The Art of Bracketing in Apologetics: Switching Ground Without Losing Ground

3 thoughts on “The Art of Bracketing in Apologetics: Switching Ground Without Losing Ground”

  1. I’ve never heard it called “bracketing” before, but it’s an apt label for it. My wife and I often talk about choosing our battles, but it’s basically the same thing. It’s helpful for focusing the conversation on what is important to establish first, or next, so that a case may be built understandably without getting sidetracked. Also, it’s helpful to keep from following red herrings. Many people will obfuscate by throwing a large number of issues into the ring that can all be answered, but not answered effectively in bulk. The nice thing is that in so doing, they play the shallow parts of their hand all at once and affords you the opportunity to add a depth to the conversation that they may not have. If you can give them pause on just one issue by going meaningfully deeper than they have considered before, they are more likely to eventually be open to hearing you on the rest.

    I did this with a Muslim apologist once. He led out with the typical barrage of shallow contentions. I picked the topic of the Trinity to focus on. By the time we had discussed through the Father and the Son to the Holy Spirit, he argued that Allah was simple and a Trinity is complex.

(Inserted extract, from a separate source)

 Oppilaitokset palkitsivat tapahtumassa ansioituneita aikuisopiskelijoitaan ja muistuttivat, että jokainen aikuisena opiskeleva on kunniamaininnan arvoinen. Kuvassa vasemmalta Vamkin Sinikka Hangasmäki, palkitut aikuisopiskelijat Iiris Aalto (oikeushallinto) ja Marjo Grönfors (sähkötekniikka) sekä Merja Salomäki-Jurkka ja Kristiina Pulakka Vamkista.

I responded that complexity has no bearing on the truth. He hesitated, apparently not having considered that. Then he asked how I could know these things. I responded with something that’s generally not epistemologically satisfying, but in the right context can be compelling: “I’m indwelt by the Holy Spirit and he opens me to knowing the truth.” (I didn’t get into the fact that the truth of the Trinity is found in the Scriptures. I sensed it wasn’t time for that subject yet.)

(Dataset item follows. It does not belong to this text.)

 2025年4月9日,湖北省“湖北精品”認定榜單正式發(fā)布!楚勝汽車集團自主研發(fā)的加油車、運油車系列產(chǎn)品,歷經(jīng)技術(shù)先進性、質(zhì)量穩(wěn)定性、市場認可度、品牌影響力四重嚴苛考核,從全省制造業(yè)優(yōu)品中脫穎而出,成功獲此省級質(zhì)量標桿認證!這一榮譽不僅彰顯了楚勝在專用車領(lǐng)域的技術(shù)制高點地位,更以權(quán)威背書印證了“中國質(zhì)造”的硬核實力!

    It turned out to be compelling enough that he paused for a couple of moments and responded, a bit weakly, with, “I don’t have the Holy Spirit, so I can only think with my mind.” The expression on his face indicated that he wasn’t satisfied with his answer to me.

    Just then, a disciple of his who hadn’t been involved with our conversation happened to notice the lull. He approached and jumped in with the same typical salvo of common contentions. The apologist looked up at me, held his hand up to his disciple to quiet him, and told him, “No. Respect this man.”

  2. I always enjoy reading your posts – they make me think ! ….. but I wanted to take this opportunity to tell you what a great blessing your writing has been to me (I have just finished Christian Apologetics), but also I wanted to express what a great blessing Rebecca’s articles have been to me, as well as the book she edited on the issue of men and women in the church …. I really cannot find the words to express what a difference you have both made, but I thank God for you, and pray for you.

  3. I’ve been curious whether the Samaritan woman at the well in John 4 was asking about which mountain to worship on because she had a sincere desire for truth, because she wanted to pick a fight with a Jew out of habit, or if she was using it as a red herring to take the focus away from her personal responsibility towards God. Jesus seemed to do some bracketing; he moved away from which mountain had the most historical significance and authenticity, and moved the conversation to a new Kingdom which would supersede all earthly mountaintops.